Would you repeat the entries below exactly and omit the pictures?

Saved data entries
══════════

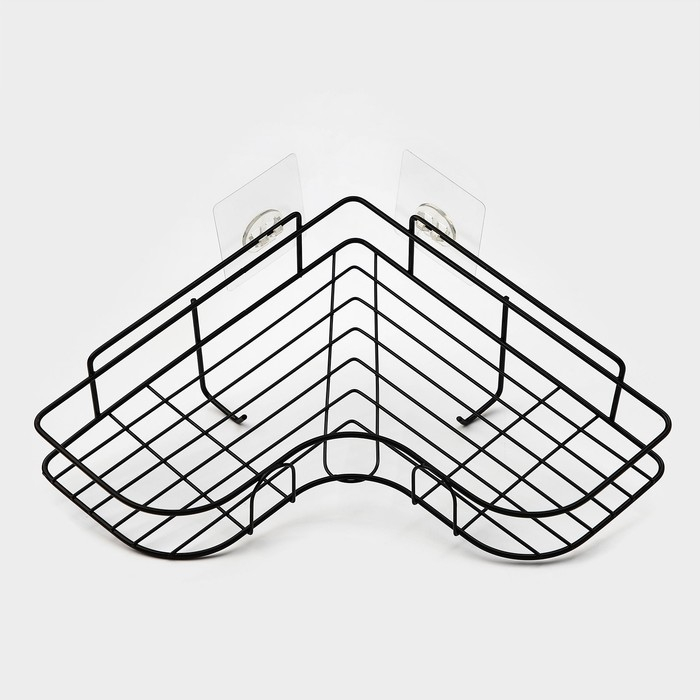 Полка угловая Доляна, 2 крючка, 26×26×10 см, цвет чёрный
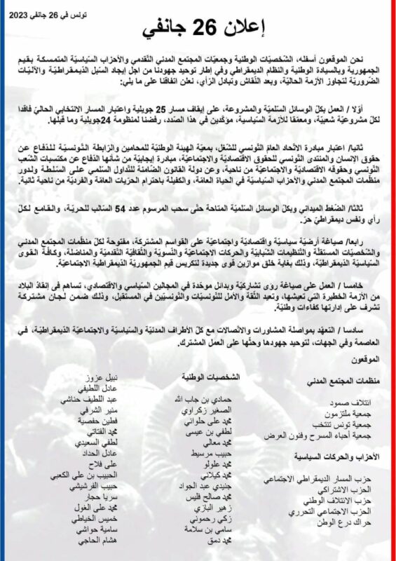اصدرت مجموعة من الشخصيات الوطنية و جمعيات المجمتع المدني و الأحزاب السياسية،بيانا تحت تسمية “إعلان 26 جانفي”، دعوا فيه إلى تمسكهم بايقاف مسار 25 جويلية معتبرين ان المسار الانتخابي الحالي فاقدا لكل مشروعية شعبية و معمقا للازمة السياسية مؤكدين في هذا الصدد لرفضهم لمنظومة 24 جويلية و ما قبلها .
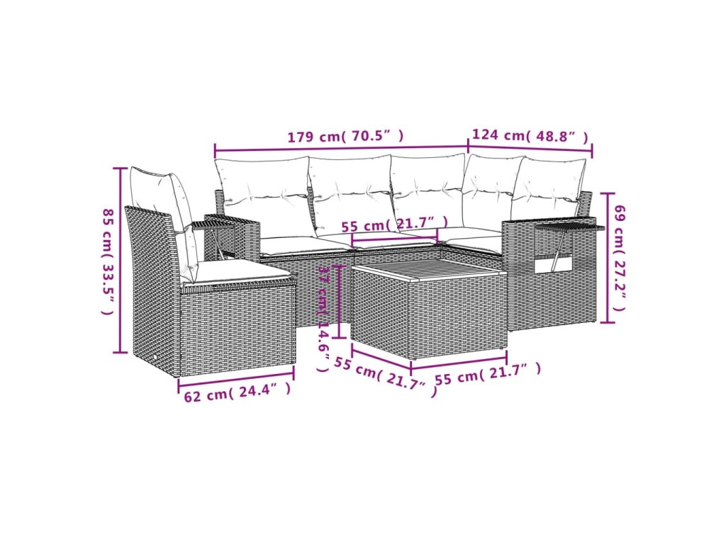 Tato zahradní sedací souprava je dokonalým doplňkem vaší zahrady, terasy nebo dvorku a poskytne vám pohodlné a příjemné místo, kde si můžete povídat s rodinou a přáteli nebo jen tak odpočívat a užívat si pobyt venku.
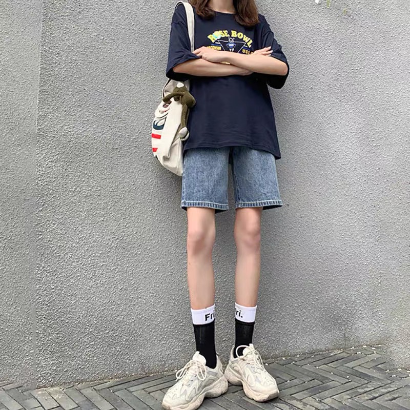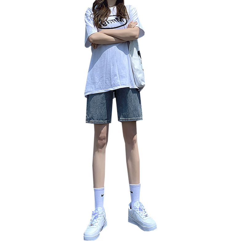 阔腿裤中裤宽松五分牛仔短裤女
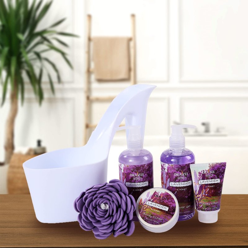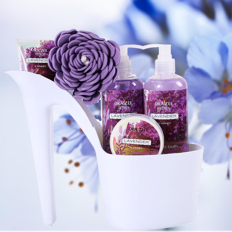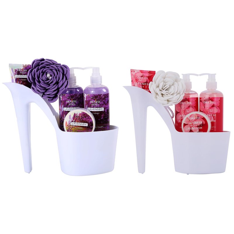 - HAVE YOU EVER SEEN SUCH A UNIQUE SPA BATH SET? Our premium Cherry & Lavender scent spa relaxation baskets has the shape of a high heel shoe, which you can use as storage or decoration or your bathroom, bedroom or any room of your house!
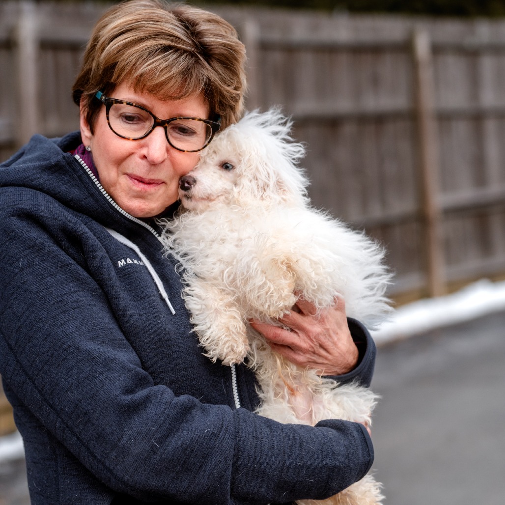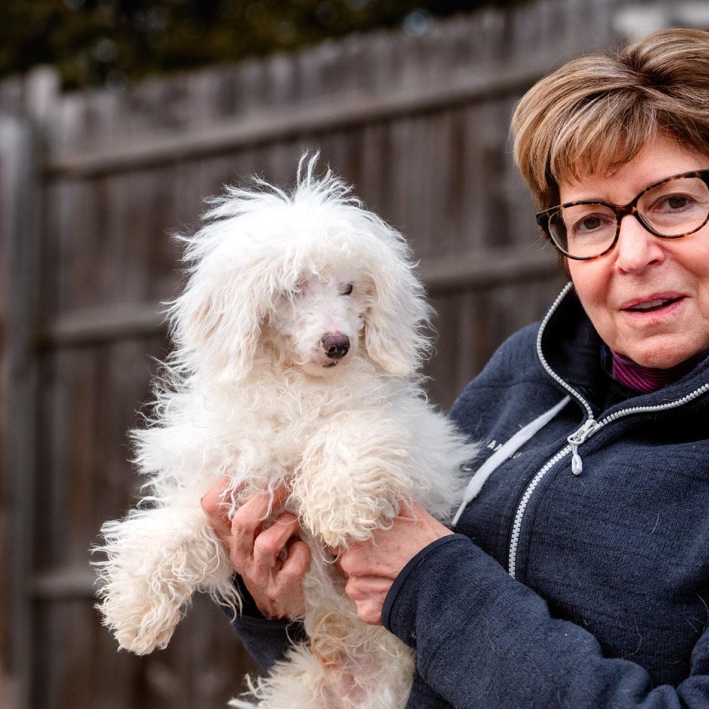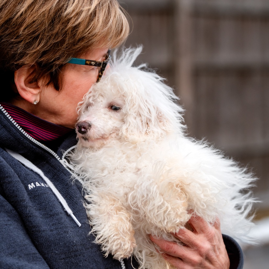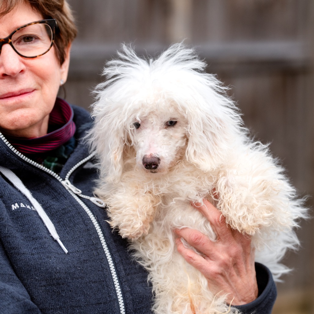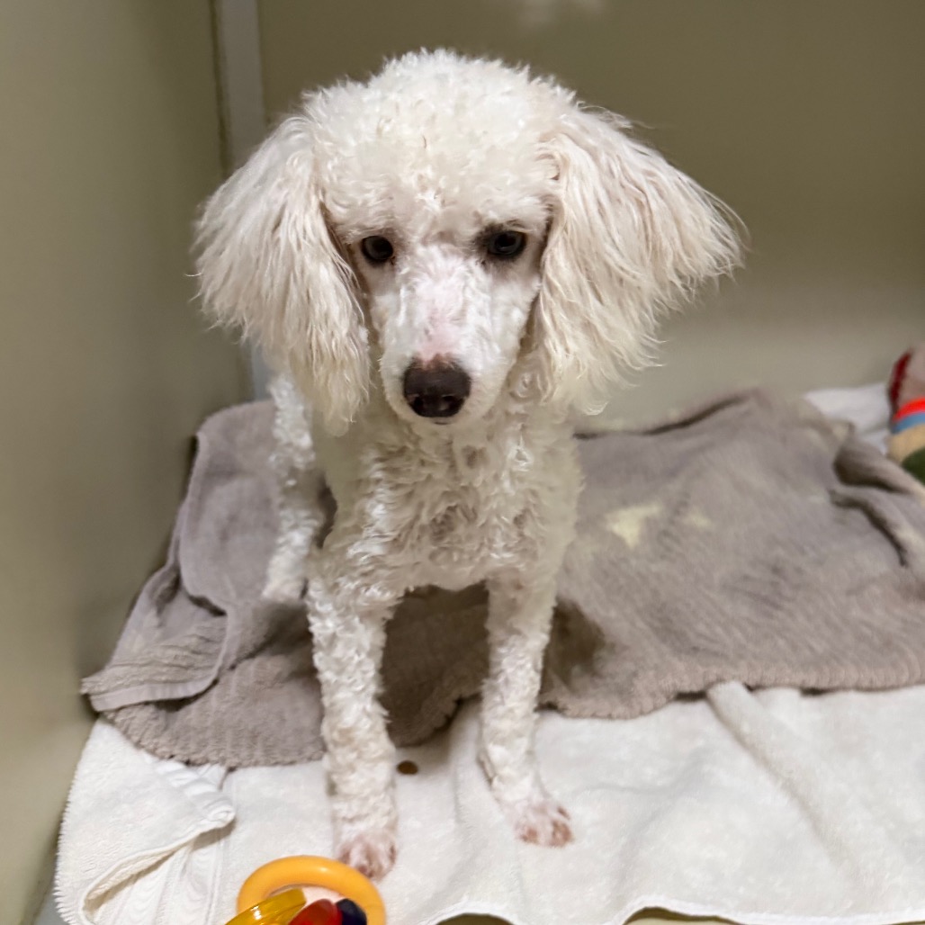 Grover is a 6 month old Toy Poodle who is a loving, curious and playful puppy who communicates primarily through body language and quickly learns visual cues. He came to us from a commercial breeder who could not sell him, as Grover is deaf.
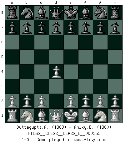 Last move : 1-0 2018 January 19 11:42:7 [Event "FICGS__CHESS__CLASS_B__000262"] [Site "FICGS"] [Date "2017.12.09"] [Round "1"] [White "Duttagupta,Aniruddha"] [Black "Aniky,Delfianto Roi"] [Result "1-0"] [WhiteElo "1869"] [BlackElo "1800"] 1.d4 1-0 This chess game has been lost on time (started : 2017.12.09 1:32:52) Queen's pawn Player White won this chess game. Follow this game move after move (download)The enormous mental resilience, without which no Chess player can exist, was so much taken up by Chess that he could never free his mind of this game. (Albert Einstein) Ich erzeugte keinen Neid, da mich die Schachspieler als Musiker und die Musiker als Schachspieler betrachteten. (Mark Taimanov) El Ajedrez hace al hombre ser mas sabio y ver mas claro. (Vladimir Putin) Les Cavaliers se révèlent fort utiles dans les positions fermées. D'habitude, les Fous sont un peu plus forts que les Cavaliers dans les positions ouvertes. Qu'on le veuille ou non, il restera toujours des exceptions ! Patience, use the Force, think ! (Obi-Wan Kenobi in Star Wars ep.2)
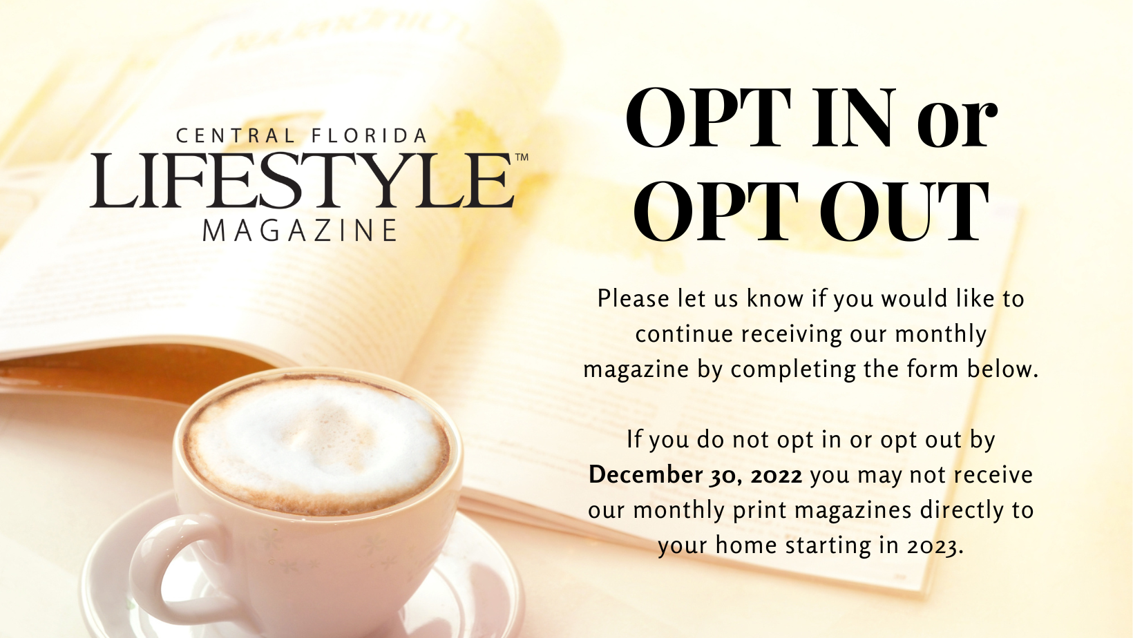 If you do not opt in or opt out by December 30, 2022 you may not receive our monthly print magazines directly to your home starting in 2023. We only mail to Central Florida addresses.

══════════

» **TASK RESPONSE**:
 Полка угловая Доляна, 2 крючка, 26×26×10 см, цвет чёрный
اصدرت مجموعة من الشخصيات الوطنية و جمعيات المجمتع المدني و الأحزاب السياسية،بيانا تحت تسمية “إعلان 26 جانفي”، دعوا فيه إلى تمسكهم بايقاف مسار 25 جويلية معتبرين ان المسار الانتخابي الحالي فاقدا لكل مشروعية شعبية و معمقا للازمة السياسية مؤكدين في هذا الصدد لرفضهم لمنظومة 24 جويلية و ما قبلها .
 Tato zahradní sedací souprava je dokonalým doplňkem vaší zahrady, terasy nebo dvorku a poskytne vám pohodlné a příjemné místo, kde si můžete povídat s rodinou a přáteli nebo jen tak odpočívat a užívat si pobyt venku.
 阔腿裤中裤宽松五分牛仔短裤女
 - HAVE YOU EVER SEEN SUCH A UNIQUE SPA BATH SET? Our premium Cherry & Lavender scent spa relaxation baskets has the shape of a high heel shoe, which you can use as storage or decoration or your bathroom, bedroom or any room of your house!
 Grover is a 6 month old Toy Poodle who is a loving, curious and playful puppy who communicates primarily through body language and quickly learns visual cues. He came to us from a commercial breeder who could not sell him, as Grover is deaf.
 Last move : 1-0 2018 January 19 11:42:7 [Event "FICGS__CHESS__CLASS_B__000262"] [Site "FICGS"] [Date "2017.12.09"] [Round "1"] [White "Duttagupta,Aniruddha"] [Black "Aniky,Delfianto Roi"] [Result "1-0"] [WhiteElo "1869"] [BlackElo "1800"] 1.d4 1-0 This chess game has been lost on time (started : 2017.12.09 1:32:52) Queen's pawn Player White won this chess game. Follow this game move after move (download)The enormous mental resilience, without which no Chess player can exist, was so much taken up by Chess that he could never free his mind of this game. (Albert Einstein) Ich erzeugte keinen Neid, da mich die Schachspieler als Musiker und die Musiker als Schachspieler betrachteten. (Mark Taimanov) El Ajedrez hace al hombre ser mas sabio y ver mas claro. (Vladimir Putin) Les Cavaliers se révèlent fort utiles dans les positions fermées. D'habitude, les Fous sont un peu plus forts que les Cavaliers dans les positions ouvertes. Qu'on le veuille ou non, il restera toujours des exceptions ! Patience, use the Force, think ! (Obi-Wan Kenobi in Star Wars ep.2)
 If you do not opt in or opt out by December 30, 2022 you may not receive our monthly print magazines directly to your home starting in 2023. We only mail to Central Florida addresses.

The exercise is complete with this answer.